With advancements in offshore oil drilling, deepwater drilling technology has been developing consistently, which has promoted the development of conductor jetting, dynamic killing, well logging while-drilling and pressure while-drilling techniques [1]. However, the exploration and development of deepwater resources still suffer from many challenges, which mainly span following three aspects [3–8]. First, if a riser is adopted during operation, riser length must grow with increasing water depth, yielding a heavy and cumbersome structure, especially for the upper riser, which must bear a larger tension. Second, difficulties arise during advancing in the horizontal section; when drilling in the horizontal section, it is difficult for the drilling fluid to carry the rocks. Moreover, the borehole friction increases rapidly, resulting in extra weight constraints. Third, owing to the narrow pore-fraction pressure window, a precise control of wellbore pressure is required for formations with severe leakage, reservoir pressure failure, and high sulfur content. Therefore, focusing on a series of challenges in deepwater drilling, a subsea closed-cycle riserless drilling method with pump + gas combined lift is proposed in this study, providing the theoretical foundation and design basis for efficient, economical, and safe subsea drilling applications.

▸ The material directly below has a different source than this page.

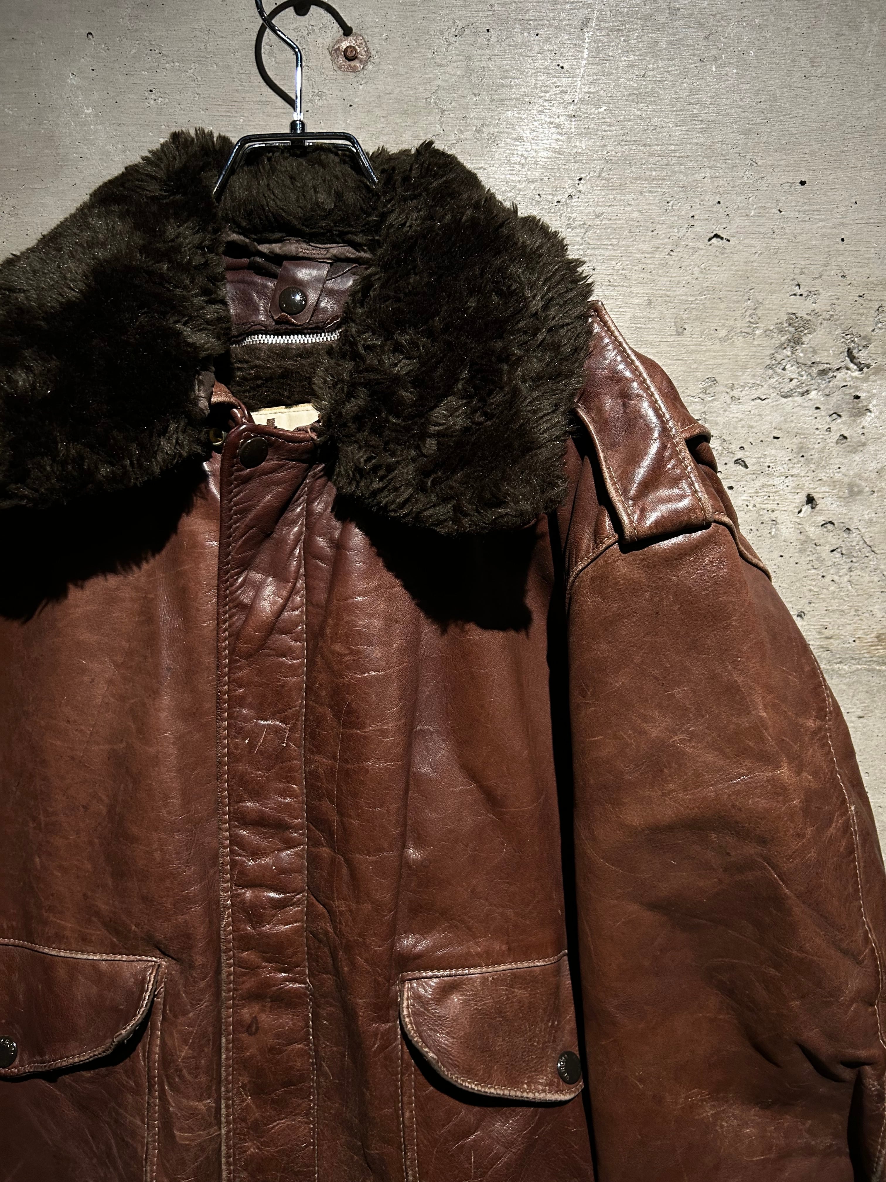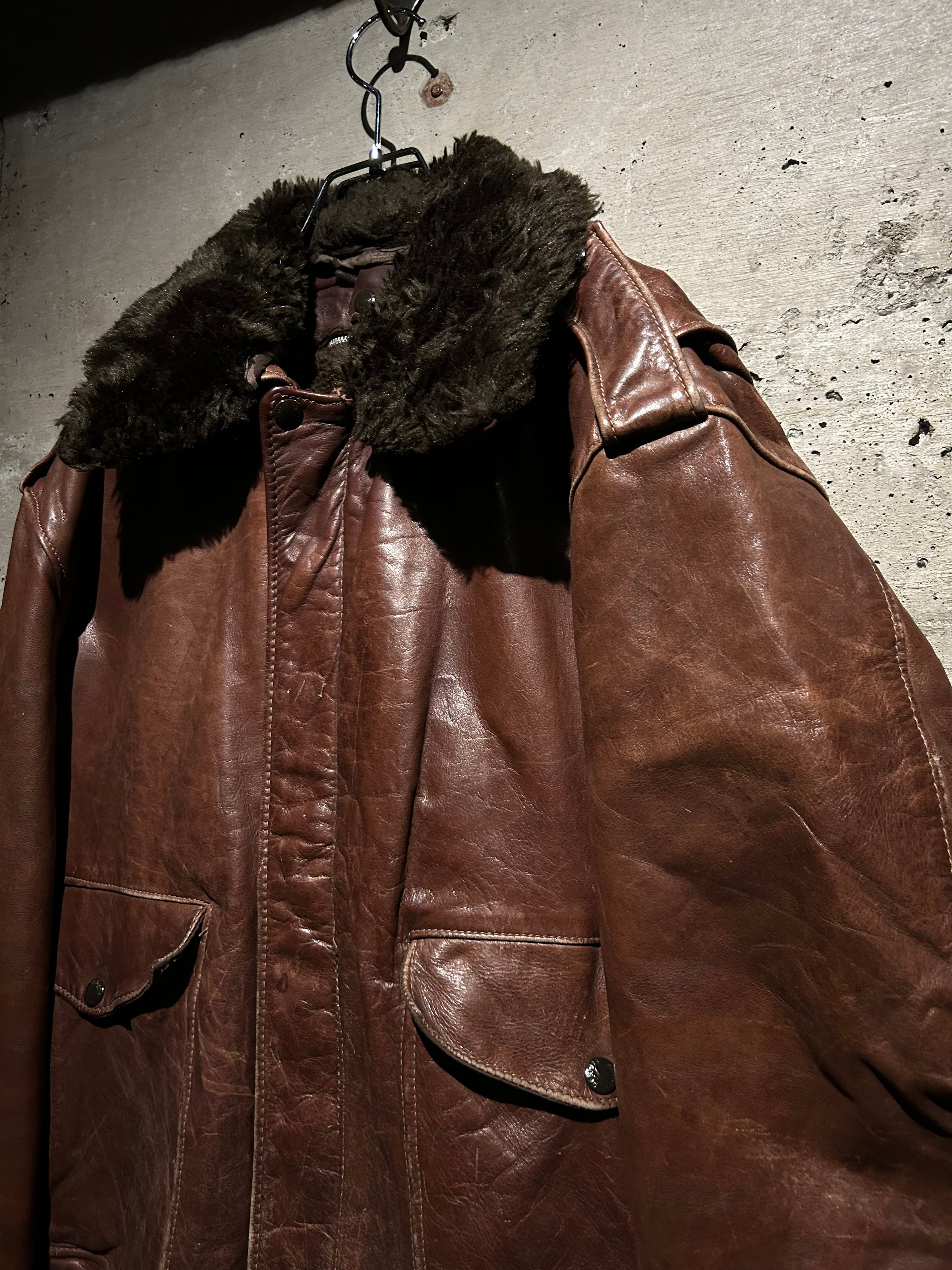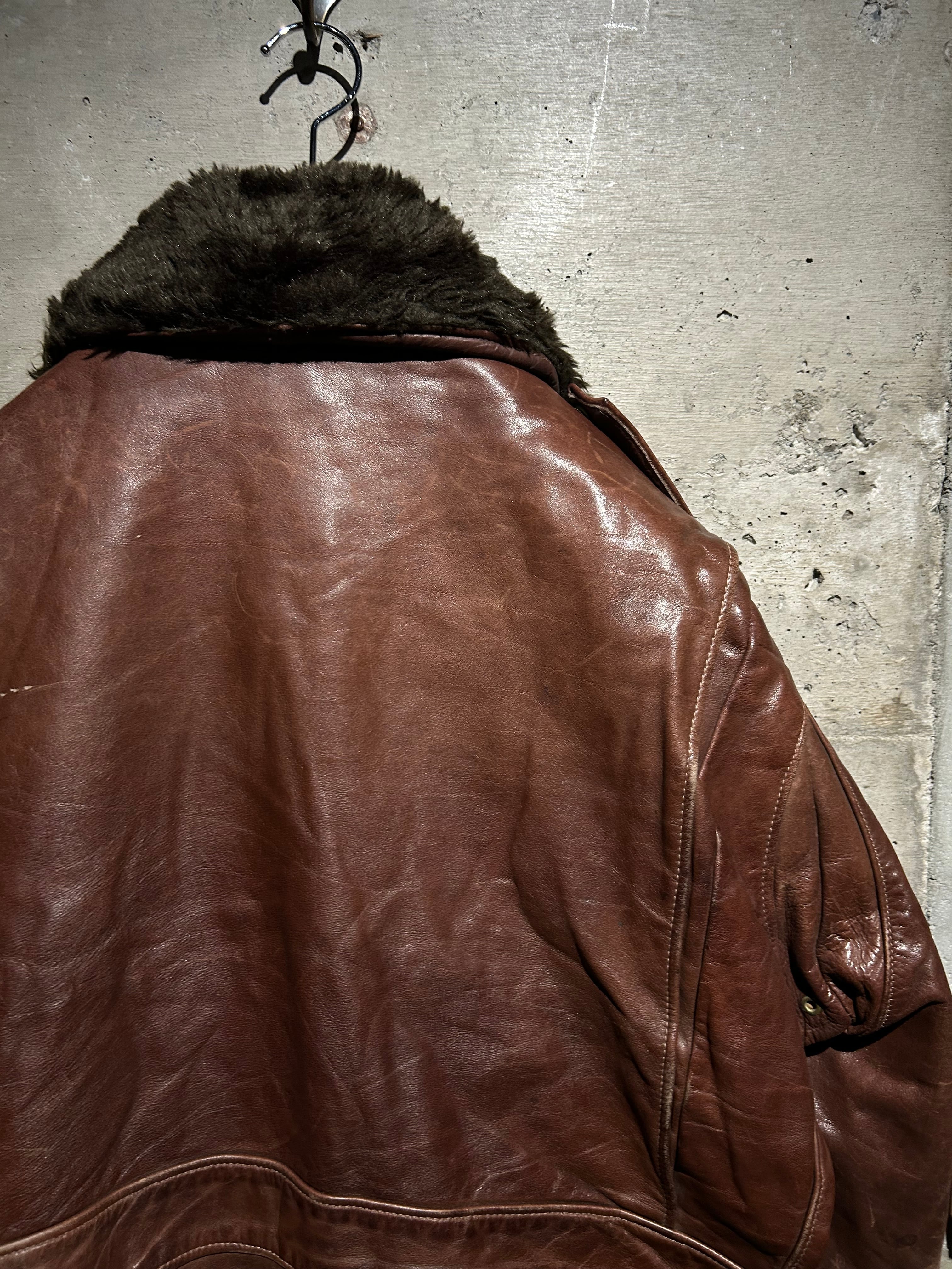 重厚なレザーの質感とミリタリー由来の洗練されたシルエットが際立つ、G-1タイプのレザーフライトジャケット。

In this work, the advantages of closed-cycle riserless drilling method using a pump + gas combined lift are analyzed and its multiphase flow drilling model is proposed. By solving the model, the influence of drilling fluid displacement, gas injection displacement, gas injection site and seawater depth on drilling hydraulic parameters can be obtained. The optimization hydraulic parameters design method of closed-cycle riserless drilling method with a subsea pump + gas combined lift is proposed.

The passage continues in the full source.